On the second day of class we were discussing the Fibonacci sequence and the rabbit problem. I think that gaining a full understanding of this concept will take a some extra reviewing, but it did remind me of something one of my brothers told me a few years ago. In Japan, there is an island that was once used for chemical warfare research in the 1920s and 30s. Eventually, the facilities shut down and the island was abandoned. Some years later in the late 70s some children visiting the island released a small number of rabbits onto the island. These rabbits were able to reproduce freely since they have had no predators on the island since their introduction. Without predators the rabbits are not killed (which sounds like one of the assumptions of the rabbit problem) but of course pass away for other reasons eventually. Today it's a tourist destination where thousands of rabbits roam the island free of predators such as dogs and cats since are banned from the island. In a way (but not really) it is an application of the rabbit problem. Interestingly, tests were done on rabbits in the original chemical factories, but the rabbit inhabitants today are not descended from those furry test subjects.
Now to my own thoughts: When hearing about the history and evolution of counting, my first thought was something like 'how could these ancient people not figure out counting? It's obviously so simple'. In this way I'm effectively judging people from the past for not coming up with something super complex. It's at this point where I check myself and realize that I didn't come up with this, either; we are both just working with what we have been told and discoveries take a lot of people & a lot of time. One thing this class has been doing for me so far is confirming my understanding that discovery is built from the trial and error of our human ancestors and the knowledge that they contributed. We use past insights to further develop our understanding of the world, similarly to how we prove mathematical concepts using postulates assumed to be true.

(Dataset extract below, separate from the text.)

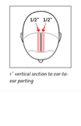 ‼️Note: The ear-to-ear parting can be slightly further backon the head if the hair is fine, but no more forward. This is dependent on hair density and head shape.
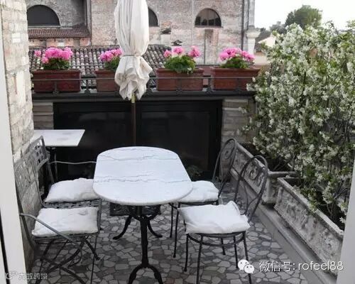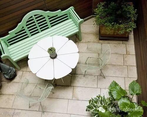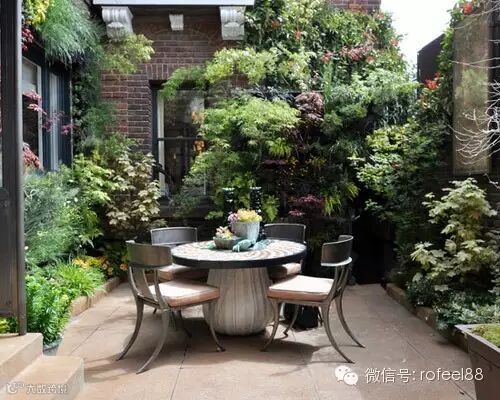 不得不承认,在装修里植物是种神奇的存在,即使是冷硬的砖墙建筑也会因为它的包裹而恰巧如画。在绿叶锦簇的中间一套桌椅,也是会客的好地方。

A final thought similar to the one prior came to me when we were told something like 'a fourth grader today can do more math than early mathematical thinkers'. I wondered, if placed in ancient times, I could show early humans various mathematical concepts such as how to use a base 10 number system or explain the concept of zero or of grouping numbers by tens and hundreds. I realized it would probably be pretty tough for me to do since a) I've only taught math to seventh graders and b) the prior knowledge that our math skills are built off of would be unknown to both of us. The ancient human and I are similar because we are just working with the knowledge we are presented with in our times. Maybe it's arrogant to think my skills have any more merit than his or her skills.
It is a fun thought experiment to imagine going back in time with our present knowledge. Could we change the world. Mark Twain wrote A Conneticut Yankee in King Arthur's Court with that premise. I suspect that we would find changing the world to be harder than we might imagine... People resist change. Even when positional notation was introduced in Europe, it took 600 years for it to be accepted and used widely.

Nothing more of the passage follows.